James Gilbert, 58, an orthopedic surgeon at Metro Orthopedics & Sports Therapy in Potomac, Md., shares Siegel’s frustrations. “I’m angry because this surge was preventable,” said Gilbert, who has three children. “The behavior of people who won’t get the vaccine is infringing on our liberties. Every time another round of restrictions comes up, it’s another gut punch, and there are consequences for businesses, restaurants, stores and our kids in schools. I want all this craziness to end.”
This here-we-go-again feeling can be mentally and emotionally draining. With the first wave or two of coronavirus cases, there was a perception that we were collectively working toward an endpoint when this pandemic would be over, notes Michele Ford, a licensed psychologist in private practice and a professor of psychology at Dickinson College in Carlisle, Pa. “That endpoint keeps getting pulled away. We’ve been at this so long that people are developing a sense of learned helplessness, and there’s an element of exhaustion. Everybody’s really tired of dealing with this.”
Domar, Ford and other psychologists we talked to have helpful strategies for handling these troubling feelings.
Instead of fighting the distress or anger you’re feeling, try to accept and acknowledge those feelings. “What we’re dealing with is a time of uncertainty – and people have a hard time with uncertainty,” says Allen Elkin, a psychologist in New York and the author of “Stress Management for Dummies.” Acknowledging how you feel about this distressing, confusing time is essential if you want to better tolerate the discomfort.
Research has found that accepting negative emotions, as well as the situations that elicit them, can lead to a healthier response to stressful situations. “Give yourself permission to say, ‘I’m tired and I’m having a hard time dealing with this again’ – when you do that, you normalize it,” Ford says.
It can also help to use statements of acceptance – such as, “I can accept that this is more complicated than we thought” or “We aren’t finished yet” – to give yourself a rational reality check, Elkin says. “To be clear, [the surge of the delta variant] was a definite setback,” he adds. “This is not a development we wanted. But you don’t have to like it to accept it.”
Offload your emotions in a healthy way
Sharing your feelings with other people can reduce your stress. But you must do so carefully, especially if you’re venting to a friend.
“If two people are venting together, that can make people feel worse and distance them from each other,” Ford says. It can also turn into co-rumination – rehashing and dwelling on negative feelings with someone else – which research has found can increase stress hormone levels in women. So, if you and a friend vent your frustrations to each other, keep it brief, then move the conversation on to another subject.

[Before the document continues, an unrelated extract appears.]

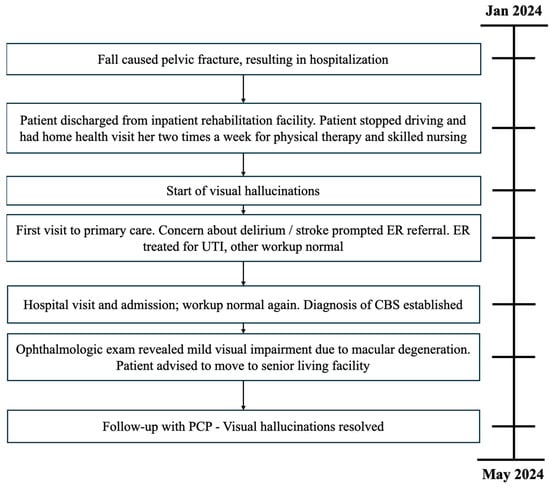 - Kompella, S.; Kaushal, S.; Khan, S.A.; Alvarez Villalba, C.L. A Case Report and Review: Charles Bonnet Syndrome Plus With Dementia. HCA Healthc. J. Med. 2022, 3, 23–28. [Google Scholar] [CrossRef] [PubMed]

If you need to spend more time expressing your emotions, consider doing so in writing, either by hand or on a computer. A 2020 study found that writing about stressful, emotional or traumatic events can improve emotion regulation. “When people write about their anger, frustration and confusion about these issues, they tend to get insights into their feelings,” Domar says.
Embrace what you can do
Even with the surge of the delta variant, you can continue to see friends outside, exercise regularly, eat healthfully, get enough sleep, play with your pets and enjoy hobbies you’ve developed. “Do what’s right in front of you – it will help you feel less lost,” says Nancy Haugen, a clinical psychologist in San Francisco.

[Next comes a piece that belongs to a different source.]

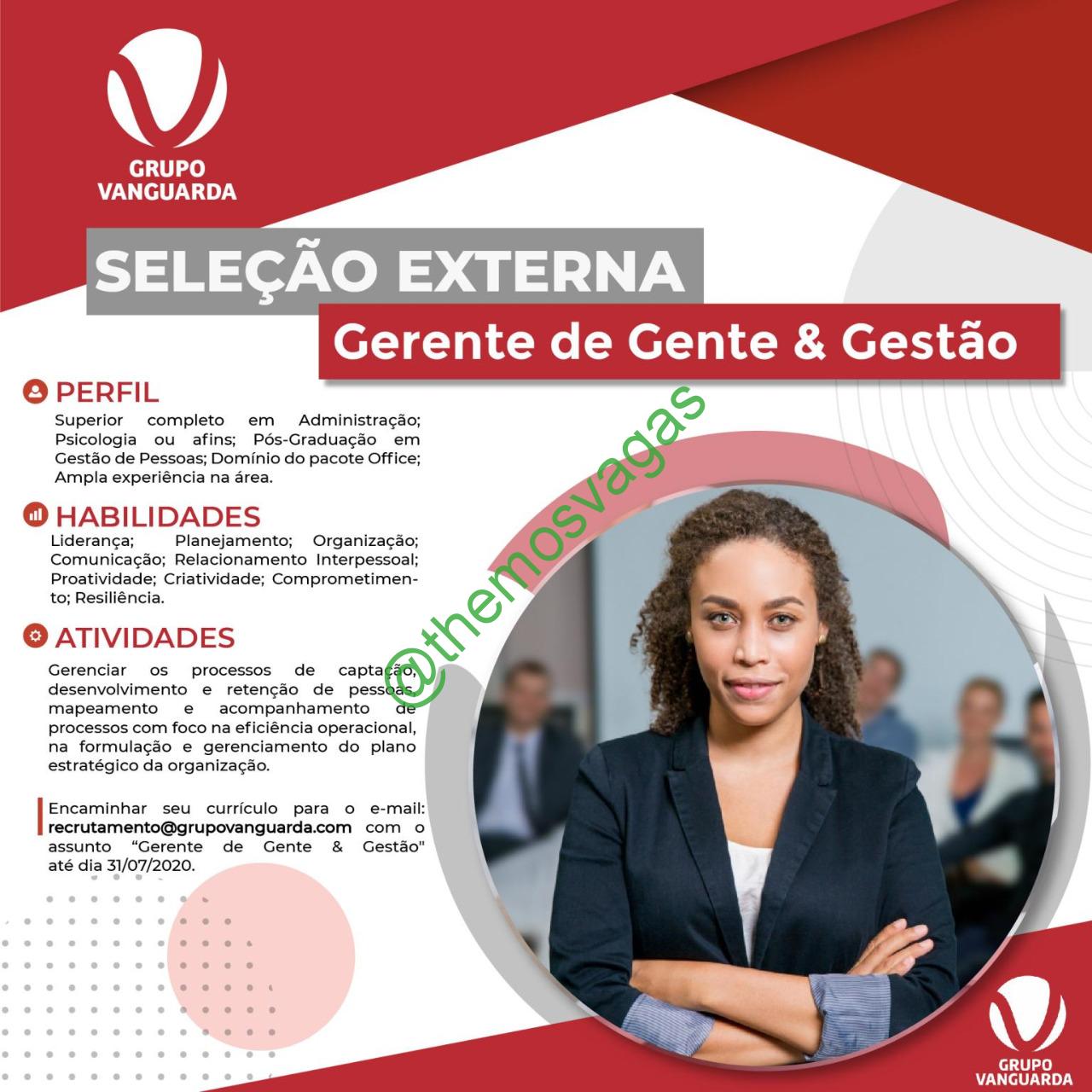 – Interessados(as) e que atendam ao perfil solicitado acima, devem enviar o currículo  até 31/07/2020  para o e-mail recrutamento@grupovanguarda.com contendo no título/assunto “Gerente de Gente e Gestão THE

Erica Banderob, a retired teacher in Sandwich, N.H., is taking this approach. After relishing being able to see friends and other people in her community when restrictions eased in the spring, she is recalibrating which choices are worth the risk. But rather than dwelling on the fact that she doesn’t feel comfortable getting in a closed car with members of her hiking club, Banderob is focusing on spending time in nature with her husband.
“It doesn’t do me any good to think about my frustration and anger about being back in this situation,” says Banderob, 68. “I’m trying to do things that are fun and meaningful.”

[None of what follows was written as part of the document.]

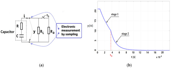 The above-described situation can be implemented with a good approximation using the discharging scheme in two stages, as shown in Figure 10a. At ts, at the end of the first stage, the switch closes, determining the voltage variation y(t) presented in Figure 10b. This is due to the variation in the equivalent resistance Rext with its different values, Rext1 and Rext2, according to Equation (33):

Consciously shift your attention
When feelings of despair or rage flare up, consider using distraction tactics – engaging in a creative activity, reading something interesting or inspiring, or listening to music that moves you – to steer your mind in a different direction. “It’s hard to think about two things at the same time,” Elkin says. “You don’t have to feed every negative thought that you have. Worry can become the mother of anxiety.”
In a 2018 study, researchers compared the effects of worry, rumination and distraction on people’s ability to recover from a stressful situation in mind and body. They found that subjects who distracted themselves after exposure to stress recovered more quickly physiologically, based on skin conductance measures, and psychologically, based on mood assessments. “These findings may provide important insights into the effects of different forms of repetitive negative thinking on physiological and psychological recovery from stress,” the researchers concluded.
Take brief mental vacations
Ford suggests planning several five- to 15-minute breaks throughout your day to “set stress aside” and do something that rejuvenates you. That could mean getting fresh air by going for a walk outside, closing your eyes and visualizing someplace that feels soothing and restful, doing stretching or deep breathing exercises – “anything that allows your body to not be on,” Ford says. Besides clearing your mind, taking these recharging breaks throughout the day helps prevent exhaustion, she adds.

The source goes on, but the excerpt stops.